Steve Hilton says banking bosses should be paid no more than people at the top of the civil service.

He was often lightly teased for his habit of wandering around 10 Downing Street in socks, jeans and a t-shirt, but Steve Hilton was the man widely credited with bringing plenty of fresh air to the stuffy world of Whitehall.

Studiously anti-establishment, he left the job of Prime Minister's director of strategy in 2012 and now works in suitably laid back California.

His wife, Rachel Whetstone, has just taken over as the director of communications and public policy at Uber after holding a similar role at Google.

Mr Hilton's company, Crowdpac, collects data on politicians in the US to help people fathom where they stand "on the big issues".
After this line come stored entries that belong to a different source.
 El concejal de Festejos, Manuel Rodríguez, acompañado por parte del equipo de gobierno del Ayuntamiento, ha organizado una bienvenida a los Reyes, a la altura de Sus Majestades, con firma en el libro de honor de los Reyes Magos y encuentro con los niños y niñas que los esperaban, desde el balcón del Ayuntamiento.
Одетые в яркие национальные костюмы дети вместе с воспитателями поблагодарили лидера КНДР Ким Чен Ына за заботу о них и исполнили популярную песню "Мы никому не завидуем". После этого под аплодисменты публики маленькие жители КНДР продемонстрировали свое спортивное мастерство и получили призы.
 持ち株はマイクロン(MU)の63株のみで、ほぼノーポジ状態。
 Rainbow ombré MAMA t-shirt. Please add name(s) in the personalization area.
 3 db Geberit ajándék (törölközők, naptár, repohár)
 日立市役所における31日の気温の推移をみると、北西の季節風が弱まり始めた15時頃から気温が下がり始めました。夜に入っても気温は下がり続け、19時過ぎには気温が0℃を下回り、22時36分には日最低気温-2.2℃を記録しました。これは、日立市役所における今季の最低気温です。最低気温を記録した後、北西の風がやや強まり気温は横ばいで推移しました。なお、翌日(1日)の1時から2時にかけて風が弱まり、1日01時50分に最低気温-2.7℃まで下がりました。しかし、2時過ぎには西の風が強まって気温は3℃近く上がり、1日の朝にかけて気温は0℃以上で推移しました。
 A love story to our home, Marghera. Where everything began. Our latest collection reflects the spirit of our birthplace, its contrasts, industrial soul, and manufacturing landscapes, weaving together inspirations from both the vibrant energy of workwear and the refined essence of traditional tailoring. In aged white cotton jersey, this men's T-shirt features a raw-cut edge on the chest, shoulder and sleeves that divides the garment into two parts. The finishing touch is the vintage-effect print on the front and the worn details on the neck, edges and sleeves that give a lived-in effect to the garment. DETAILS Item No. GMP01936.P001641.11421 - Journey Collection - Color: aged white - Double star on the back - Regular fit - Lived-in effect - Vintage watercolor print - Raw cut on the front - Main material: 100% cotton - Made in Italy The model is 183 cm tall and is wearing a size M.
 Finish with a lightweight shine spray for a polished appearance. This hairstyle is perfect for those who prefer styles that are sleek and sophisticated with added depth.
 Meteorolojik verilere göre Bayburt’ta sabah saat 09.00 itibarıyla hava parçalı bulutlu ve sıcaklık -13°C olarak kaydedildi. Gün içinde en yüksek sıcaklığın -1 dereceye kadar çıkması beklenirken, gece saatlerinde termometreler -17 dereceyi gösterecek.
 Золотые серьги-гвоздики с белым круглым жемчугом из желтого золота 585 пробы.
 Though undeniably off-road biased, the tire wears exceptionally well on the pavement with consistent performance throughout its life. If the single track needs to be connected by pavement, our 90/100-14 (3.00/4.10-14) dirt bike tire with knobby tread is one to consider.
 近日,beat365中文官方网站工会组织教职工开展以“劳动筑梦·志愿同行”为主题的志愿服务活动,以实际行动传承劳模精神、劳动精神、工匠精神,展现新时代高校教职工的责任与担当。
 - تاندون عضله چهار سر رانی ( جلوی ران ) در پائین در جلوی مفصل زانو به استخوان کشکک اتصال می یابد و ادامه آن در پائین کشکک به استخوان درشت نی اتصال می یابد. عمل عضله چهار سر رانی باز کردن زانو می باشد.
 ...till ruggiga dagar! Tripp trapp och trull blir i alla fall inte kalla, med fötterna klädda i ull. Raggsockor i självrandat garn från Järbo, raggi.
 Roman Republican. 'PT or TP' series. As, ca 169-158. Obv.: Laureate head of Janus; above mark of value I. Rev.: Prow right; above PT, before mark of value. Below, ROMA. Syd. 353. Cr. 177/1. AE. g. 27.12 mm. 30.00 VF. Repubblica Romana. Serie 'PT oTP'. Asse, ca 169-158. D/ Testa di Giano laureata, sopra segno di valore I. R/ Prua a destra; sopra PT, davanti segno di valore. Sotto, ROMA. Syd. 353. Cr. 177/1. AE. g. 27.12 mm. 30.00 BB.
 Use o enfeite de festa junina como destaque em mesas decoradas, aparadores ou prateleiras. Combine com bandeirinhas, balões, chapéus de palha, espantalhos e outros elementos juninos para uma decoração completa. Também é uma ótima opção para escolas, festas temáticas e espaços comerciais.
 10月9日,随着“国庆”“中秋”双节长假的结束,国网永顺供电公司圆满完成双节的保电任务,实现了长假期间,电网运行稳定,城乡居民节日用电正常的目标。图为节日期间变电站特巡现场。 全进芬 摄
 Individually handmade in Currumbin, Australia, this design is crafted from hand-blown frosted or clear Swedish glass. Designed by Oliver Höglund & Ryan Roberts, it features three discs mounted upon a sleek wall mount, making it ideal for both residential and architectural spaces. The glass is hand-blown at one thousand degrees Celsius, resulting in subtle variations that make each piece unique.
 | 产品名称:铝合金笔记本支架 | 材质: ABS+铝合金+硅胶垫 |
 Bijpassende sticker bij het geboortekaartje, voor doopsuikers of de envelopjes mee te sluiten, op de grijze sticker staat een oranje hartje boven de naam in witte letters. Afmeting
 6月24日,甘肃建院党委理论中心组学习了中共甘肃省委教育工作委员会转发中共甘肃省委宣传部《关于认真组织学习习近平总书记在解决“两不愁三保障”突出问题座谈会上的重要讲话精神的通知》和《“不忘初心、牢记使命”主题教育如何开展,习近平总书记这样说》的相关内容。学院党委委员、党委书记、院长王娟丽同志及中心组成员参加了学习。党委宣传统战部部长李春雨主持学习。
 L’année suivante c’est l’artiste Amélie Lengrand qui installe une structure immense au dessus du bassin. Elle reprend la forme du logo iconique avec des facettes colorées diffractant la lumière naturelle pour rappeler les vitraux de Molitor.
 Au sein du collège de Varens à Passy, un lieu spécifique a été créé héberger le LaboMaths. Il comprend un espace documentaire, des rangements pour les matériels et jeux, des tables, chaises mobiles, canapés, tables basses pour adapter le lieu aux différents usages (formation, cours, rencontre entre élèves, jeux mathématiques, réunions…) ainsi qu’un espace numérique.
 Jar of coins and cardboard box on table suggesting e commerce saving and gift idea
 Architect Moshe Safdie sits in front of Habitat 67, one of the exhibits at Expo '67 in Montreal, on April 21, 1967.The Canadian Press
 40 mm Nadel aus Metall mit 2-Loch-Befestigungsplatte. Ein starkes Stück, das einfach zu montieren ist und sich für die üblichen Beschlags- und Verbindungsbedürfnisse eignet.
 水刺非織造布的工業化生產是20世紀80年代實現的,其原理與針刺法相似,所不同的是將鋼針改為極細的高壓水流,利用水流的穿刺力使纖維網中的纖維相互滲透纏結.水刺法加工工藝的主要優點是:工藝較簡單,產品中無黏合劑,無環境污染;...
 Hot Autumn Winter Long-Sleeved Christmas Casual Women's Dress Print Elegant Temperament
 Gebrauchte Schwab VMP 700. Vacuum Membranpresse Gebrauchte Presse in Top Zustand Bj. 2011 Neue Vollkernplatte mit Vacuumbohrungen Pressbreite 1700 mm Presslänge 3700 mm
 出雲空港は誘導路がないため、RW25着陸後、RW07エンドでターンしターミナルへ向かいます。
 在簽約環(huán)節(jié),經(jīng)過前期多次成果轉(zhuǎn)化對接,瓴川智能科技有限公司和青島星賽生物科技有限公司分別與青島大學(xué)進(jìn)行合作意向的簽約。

It is, Crowdpac says, nothing less than the "new politics".

'Obscene' amounts of money

Mr Hilton is in the UK to talk about his new book, More Human, about what he says is the untrammelled growth of a political, business and media elite that he argues locks the ordinary voter out of the process of decision making.

And that leaves the public without access to the levers of power. And very frustrated, particularly when they see what he describes as the "obscene" amounts of money paid to people at the top of businesses.

If you take the role of business in society, this frustration is dangerous, Mr Hilton argues, as it leads to an "anti-business" agenda.

"We should all be pro-business because it is in all our interests that business succeeds," he tells me.

"The question is what kind of business do we want to see?

"When you see the behaviour of some of the big businesses that reward their bosses excessively while screwing their suppliers and exploiting their customers and giving the kind of service that drives people mad.

"The kind of businesses that end up with those bad effects are businesses that feel they are completely unaccountable, they don't face proper competition, they try and advance their agendas not through designing better products and services for people but by using lobbying and lawyers and access to the levers of power.

"These businesses have in effect become private sector bureaucracies. Not like the risk taking entrepreneurial businesses that we should all want to see."

'Aggressive action' required

Mr Hilton's particular ire is reserved for Britain's largest banks.

"The banks are a perfect example of the problem. You have a very small number of big companies with a global impact that have become totally unaccountable.

"What you saw after the financial crash was the same people who worked in the banks then coming into the government to advise [on] how to respond to the crash.

"So it is no wonder that the response to the crash missed any opportunity to reform this sector, to do anything serious about introducing any element of competition.

"It is a really good example of the way that the levers of power in the economy in certain sectors have been grasped by a tiny number of insiders. We need really aggressive action to deal with this."

Radical proposal

And here he proposes a policy prescription that is certainly radical.

For any business that relies on the implicit backstop of state funding should they fail - which he says the largest banks do - then the top executives should be paid no more than the upper echelons of the civil service.

It is an idea was first floated by Nasim Taleb, the author of The Black Swan, and would mean multi-million pound pay packages being reduced to between £100,000 and £200,000.

"If you are a company that requires bailing out should you go wrong, then you should be considered part of the public sector and the pay of your executives should be capped at the same levels as the civil service pay levels.

"That would be a powerful incentive.

"They [the banks] might decide to split themselves up or we could do that forcibly.

"The goal here is to create a much more secure financial system where you don't have these giant companies that pose a threat to the whole economy."

He also wants the competition authorities to become much more intrusive, whether it's in banking or one of his other bête noires, the supermarket sector, which he says does not act in the best interests of consumers or suppliers.

"I think the competition authorities need to be much more aggressive generally and specifically where you have a concentration of power," he said.

"They should be using their powers to make the market more competitive, now whether that is breaking them [banks or supermarkets] up or other means is for others to debate."

And he encourages David Cameron, his former boss, to go further than he did in his first term as Prime Minister.

"Yes [he should go further], I think it is very clear where his heart lies.

"He is very much a champion of small businesses and the entrepreneur. I hope that will be carried through into a policy agenda that really makes a difference.

"The system ought to be geared to help the insurgents and not to protect the insiders."